FullmetalAlchemy is a Python package that provides intuitive, high-level functions for common database operations using SQLAlchemy. It simplifies CRUD operations (Create, Read, Update, Delete) while maintaining the power and flexibility of SQLAlchemy under the hood.

Key Features

  • 🔄 SQLAlchemy 1.4+ and 2.x compatible - Works seamlessly with both versions
  • Async/Await Support - Full async API for high-performance applications (v2.1.0+)
  • 🏗️ Async Classes - AsyncTable and AsyncSessionTable for Pythonic async operations (v2.2.0+)
  • 📦 Batch Processing - Efficient bulk operations with progress tracking and parallel execution (v2.2.0+)
  • 🎯 Simple API - Intuitive functions for common database operations
  • 🔒 Transaction Management - Built-in context managers for safe operations
  • 📊 Pythonic Interface - Array-like access and familiar Python patterns
  • 🚀 Memory Efficient - Chunked iteration and concurrent processing for large datasets
  • 🛡️ Type Safe - Full type hints with MyPy strict mode compliance
  • Thoroughly Tested - 84% test coverage with 336 passing tests (258 sync + 78 async)
  • 🎨 Code Quality - Ruff and MyPy strict mode verified

Installation

# Install from PyPI (sync operations only)
pip install fullmetalalchemy

# Install with async support
pip install fullmetalalchemy[async]

# Install for development
pip install fullmetalalchemy[dev]

The source code is hosted on GitHub at: https://github.com/eddiethedean/fullmetalalchemy

Dependencies

Core Dependencies:

  • SQLAlchemy (>=1.4, <3) - Python SQL toolkit and ORM
  • tinytim (>=0.1.2) - Data transformation utilities
  • frozendict (>=2.4) - Immutable dictionary support

Optional Async Dependencies (install with [async]):

  • aiosqlite (>=0.19) - Async SQLite driver
  • greenlet (>=3.0) - Greenlet concurrency support
  • asyncpg (>=0.29) - Async PostgreSQL driver (optional)
  • aiomysql (>=0.2) - Async MySQL driver (optional)

Quick Start

Basic CRUD Operations

import fullmetalalchemy as fa

# Create a database connection
engine = fa.create_engine('sqlite:///mydata.db')
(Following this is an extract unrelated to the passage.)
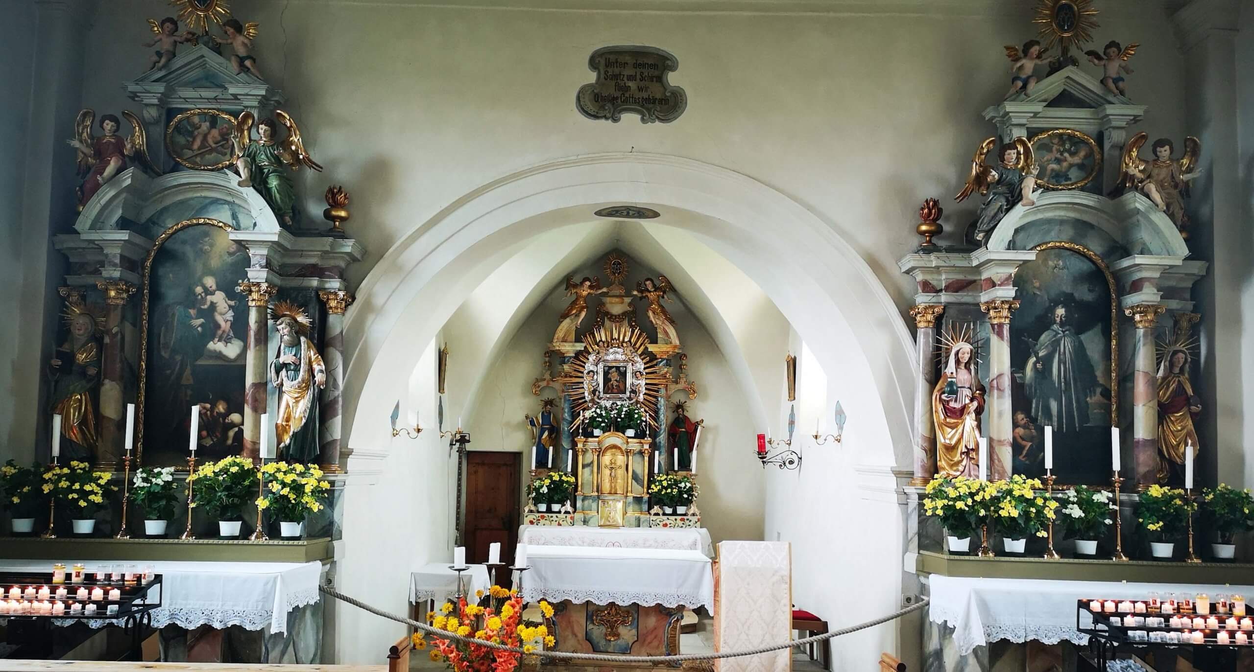 Und diese färben sich mittlerweile dunkelgrau. Nichts desto trotz laufe ich noch nach Maria Saal mit der malerischen Wallfahrtskirche. Die Kirche selbst stammt aus dem 17. Jahrhundert, der Hochaltar aus dem 18ten. Sehenswert ist ein Wandbild, welches die Muttergottes mit Regenschirm zeigt. In früheren Zeiten war die Kirche vor allem Gebetsort der Bauern bei Trockenheit und Dürre. Daran erinnern zahlreiche Gebetstafeln.

# Create a table with some initial data
table = fa.create.create_table_from_records(
    'employees',
    [
        {'id': 1, 'name': 'Alice', 'department': 'Engineering', 'salary': 95000},
        {'id': 2, 'name': 'Bob', 'department': 'Sales', 'salary': 75000}
    ],
    primary_key='id',
    engine=engine
)

# Get table for operations
table = fa.get_table('employees', engine)

# SELECT: Get all records
records = fa.select.select_records_all(table, engine)
print(records)
# Output:
# [{'id': 1, 'name': 'Alice', 'department': 'Engineering', 'salary': 95000},
#  {'id': 2, 'name': 'Bob', 'department': 'Sales', 'salary': 75000}]

# INSERT: Add new records
fa.insert.insert_records(
    table,
    [
        {'id': 3, 'name': 'Charlie', 'department': 'Engineering', 'salary': 88000},
        {'id': 4, 'name': 'Diana', 'department': 'Marketing', 'salary': 82000}
    ],
    engine
)
# Now table has 4 records

# UPDATE: Modify existing records
fa.update.update_records(
    table,
    [{'id': 2, 'name': 'Bob', 'department': 'Sales', 'salary': 80000}],
    engine
)
record = fa.select.select_record_by_primary_key(table, {'id': 2}, engine)
print(record)
# Output: {'id': 2, 'name': 'Bob', 'department': 'Sales', 'salary': 80000}

# DELETE: Remove records
fa.delete.delete_records(table, 'id', [1, 3], engine)
remaining = fa.select.select_records_all(table, engine)
print(f"Remaining records: {len(remaining)}")
# Output: Remaining records: 2

Usage Examples

1. SessionTable - Transaction Management

Use SessionTable with context managers for automatic commit/rollback handling:

import fullmetalalchemy as fa

engine = fa.create_engine('sqlite:///products.db')

# Create initial table
fa.create.create_table_from_records(
    'products',
    [
        {'id': 1, 'name': 'Laptop', 'price': 999, 'stock': 10},
        {'id': 2, 'name': 'Mouse', 'price': 25, 'stock': 50}
    ],
    primary_key='id',
    engine=engine
)

# Use context manager - automatically commits on success, rolls back on error
with fa.SessionTable('products', engine) as table:
    # All operations are part of a single transaction
    table.insert_records([{'id': 3, 'name': 'Keyboard', 'price': 75, 'stock': 30}])
    table.update_records([{'id': 2, 'name': 'Mouse', 'price': 29, 'stock': 45}])
    # Automatically commits here if no exceptions

# Verify changes persisted
table = fa.get_table('products', engine)
records = fa.select.select_records_all(table, engine)
print(records)
# Output:
# [{'id': 1, 'name': 'Laptop', 'price': 999, 'stock': 10},
#  {'id': 2, 'name': 'Mouse', 'price': 29, 'stock': 45},
#  {'id': 3, 'name': 'Keyboard', 'price': 75, 'stock': 30}]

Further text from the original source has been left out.